We didn’t even try it this weekend, since the base temperature was already -20, with a wind blowing. Not being a masochist, I didn’t even try to find out what the windchill was… :eek
I know, because I did the very Canadian thing of going down last week.
It was worth it. Even though I had to put up with my mother. It was worth it.
And when I came back to Canada, it was raining. Don’t that just beat all?
I’ll be glad to put mine away for the good weather, but I’ll still own it next winter. Oh well.
On another note, anybody seen the new Tim Hortons commercial for R-r-r-roll up the Rim? Two guys in an amusement park, and they happen upon the Canadaland attraction–containing such carnival games as “Knit a Toque” and “Shovel the Driveway.” It made me laugh–as Homer Simpson says, “It’s funny 'cause it’s true.”

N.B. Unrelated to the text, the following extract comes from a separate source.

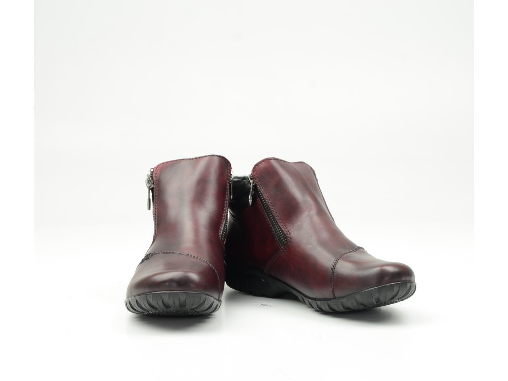 Dámské polokozačky Rieker L4655-35 v elegantním vínovém odstínu nabízí perfektní spojení pohodlí, stylu a funkčnosti. Vyrobené z kvalitní syntetické kůže s jemným leskem, doplněné o decentní prošití a pružné vsadky po stranách pro snadné obouvání.

I’m sorry, you’re confusing me - can those words combine in English to form a meaningful sentence? One of the things I don’t like about Toronto is it’s too warm in the winter - I grew up skiing every day after school until it was suppertime. Here, it’s hit and miss whether you’ve got snow, slush, ice or pavement.
Did I ever tell you guys about the job I had when I was still in school? In 1975, after the Post Office strike raised the price of a stamp from 5 cents to 8 cents, the gas company figured out that they could pay kids 5 cents a bill to deliver the gas bills. I had a different route every weekend, anywhere from 500 - 700 bills, and I would deliver them Thursday night, Friday night and as much of Saturday as I needed. I did that job from Grade 9 until I graduated - provided just enough money to blow on albums every week. So, yeah, I’m quite accustomed to being out for 6 - 8 hours regardless of the temperature or wind chill.
I almost got in on an experiment where people were supposed to go winter camping in the middle of Lake Winnipeg for 4 months to see what it did to their average body temperature, but it never worked out.
I take it your mother never forced you to ski in -30 weather, cause we were there anyway?
Or put a garbage bag over your snowsuit to try to keep a bit dry in the rain, cause we were there anyway?
Oh yeah - there’s definitely a point at which it’s just not an option. At least, not if you hope to get the least amount of enjoyment out of it…
I once wussed out of some downhill partway through the day because my grandmother pointed out that the white spot on my cheek was frostbite. I thought I’d draw a line in the snow at that point.
I did my cold time. How many of you guys have been travelling in the high Arctic in winter? I was in Yellowknife for a lotta years. I’m keepin’ my name.
(bumface).
See that? See how much I’m becoming like one of them?
You realize I live in Saskatchewan, don’t you? Not that I want DST anyways. It’s only just starting to get light out on the way to work, no need to push that back another hour.